Robert Klitzman, MD, Academic Director of the Master of Science in Bioethics program, discussed his new book, Designing Babies: How Technology is Changing the Ways We Create Children, at a recent event hosted by Science Writers in New York (SWINY). The event, held 11/13 at a private home on the Upper West Side, featured a conversation between Dr. Klitzman and David Levine, who co-chairs the membership group of science writers and editors.

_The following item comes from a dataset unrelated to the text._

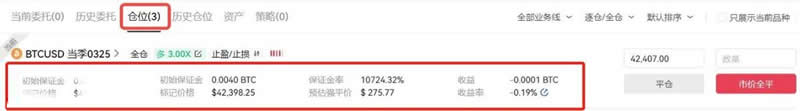 7、挂单成交后,可在持仓界面中可查看订单的相关数据,例如保证金、收益、收益率、预估强平价等。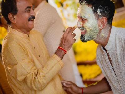 राहुलने 'सुख' अशा आशयाचे ट्विट करत हळदी समारंभाचे फोटो शेअर केले आहेत. या फोटोंमध्ये नवदाम्पत्यांने रोमॅंटिक पोज दिल्या आहेत.

A Professor of Psychiatry at the College of Physicians and Surgeons and the Joseph Mailman School of Public Health, Dr. Klitzman spoke about his book’s examination of the ethical, social, and policy dilemmas posed by the proliferation of in vitro fertilization (IVF) and other assisted reproductive technologies. As he noted in a recent interview with Columbia News, Dr. Klitzman was inspired to write Designing Babies by interviews he conducted for a previous book, Am I My Genes? Confronting Fate and Family Secrets in the World of Genetic Testing, as well as a personal episode in which a friend asked him to be the sperm donor for her child.
“I thought about it, and eventually declined,” Dr. Klitzman said, “but became even more interested in the assisted reproductive technology industry and how people were making all of these varied decisions.”
Among the ethical quandaries he explores in the book, Dr. Klitzman is particularly concerned about the risk that gene-editing technology will be used to favor “socially desirable” traits, such as height, hair and eye color, and intelligence.
He added: “I am concerned that these technologies are advancing far beyond our understanding of their ethical, legal and social implications.”